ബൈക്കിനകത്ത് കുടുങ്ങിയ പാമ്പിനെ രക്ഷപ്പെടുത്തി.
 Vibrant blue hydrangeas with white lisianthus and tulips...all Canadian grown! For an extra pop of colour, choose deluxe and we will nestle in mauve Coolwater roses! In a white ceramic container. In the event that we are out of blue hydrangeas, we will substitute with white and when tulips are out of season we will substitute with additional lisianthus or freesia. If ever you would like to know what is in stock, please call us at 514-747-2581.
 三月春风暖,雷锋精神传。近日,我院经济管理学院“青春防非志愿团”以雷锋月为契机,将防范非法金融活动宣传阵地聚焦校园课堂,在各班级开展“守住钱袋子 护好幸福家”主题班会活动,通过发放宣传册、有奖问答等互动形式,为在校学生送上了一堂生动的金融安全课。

...

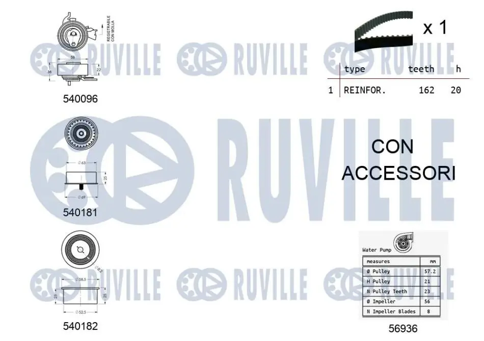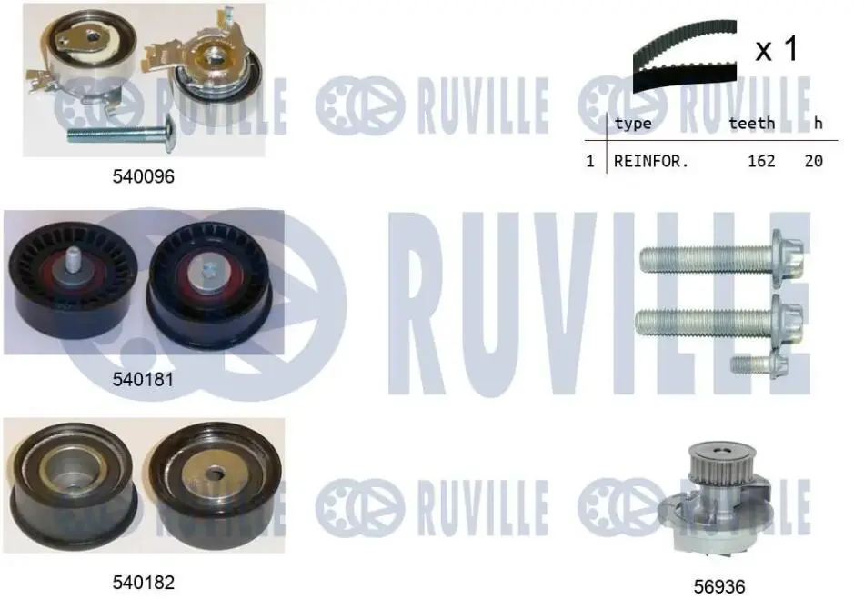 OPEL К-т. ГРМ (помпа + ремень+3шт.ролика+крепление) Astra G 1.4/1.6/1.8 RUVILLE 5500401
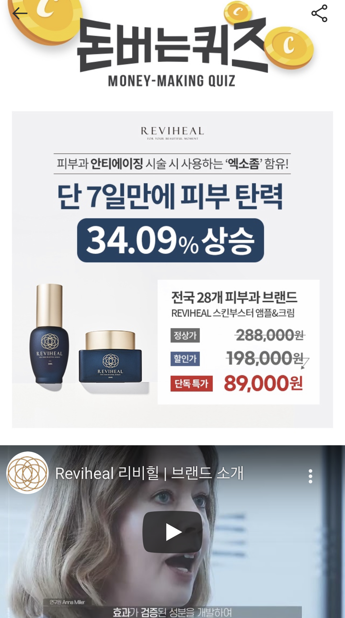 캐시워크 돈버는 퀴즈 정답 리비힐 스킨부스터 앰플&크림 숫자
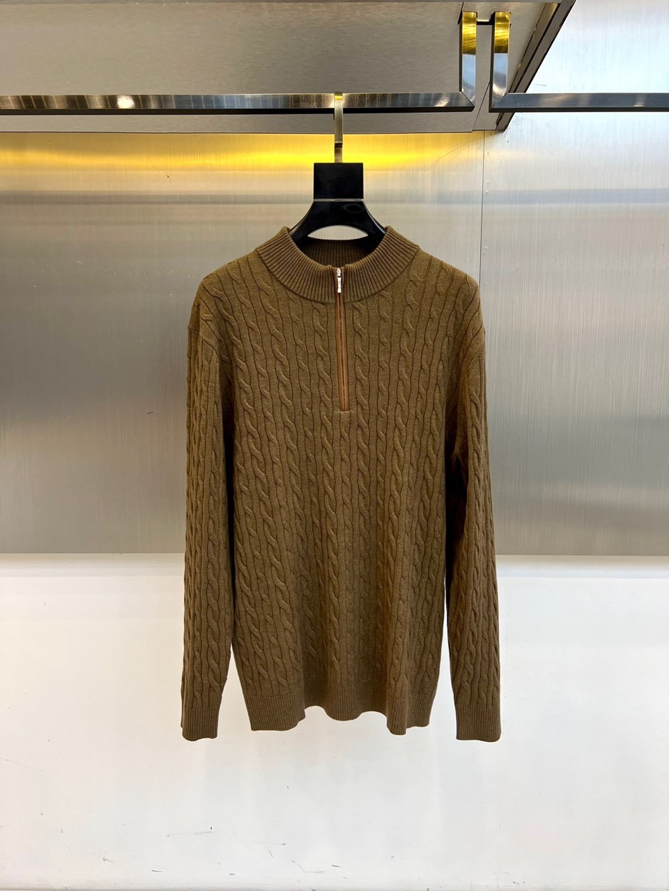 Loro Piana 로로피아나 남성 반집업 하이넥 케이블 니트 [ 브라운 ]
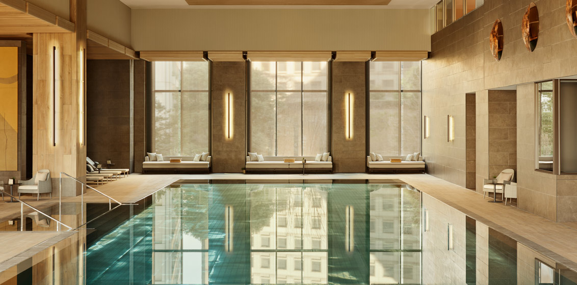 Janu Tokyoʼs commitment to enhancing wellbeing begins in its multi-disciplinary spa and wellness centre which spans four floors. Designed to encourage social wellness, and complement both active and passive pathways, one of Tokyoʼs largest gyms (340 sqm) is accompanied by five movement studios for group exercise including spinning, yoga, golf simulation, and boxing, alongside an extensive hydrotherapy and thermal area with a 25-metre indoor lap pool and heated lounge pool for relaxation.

**Task prompt:** Reproduce the listing above only between the lines holding "OPEL К-т. ГРМ" and "Loro Piana 로로피아나 남성 반집업 하이넥 케이블 니트 [ 브라운 ]", inclusive. Every line must match exactly, and pictures are dropped.

**Solution to the exercise:**
 OPEL К-т. ГРМ (помпа + ремень+3шт.ролика+крепление) Astra G 1.4/1.6/1.8 RUVILLE 5500401
 캐시워크 돈버는 퀴즈 정답 리비힐 스킨부스터 앰플&크림 숫자
 Loro Piana 로로피아나 남성 반집업 하이넥 케이블 니트 [ 브라운 ]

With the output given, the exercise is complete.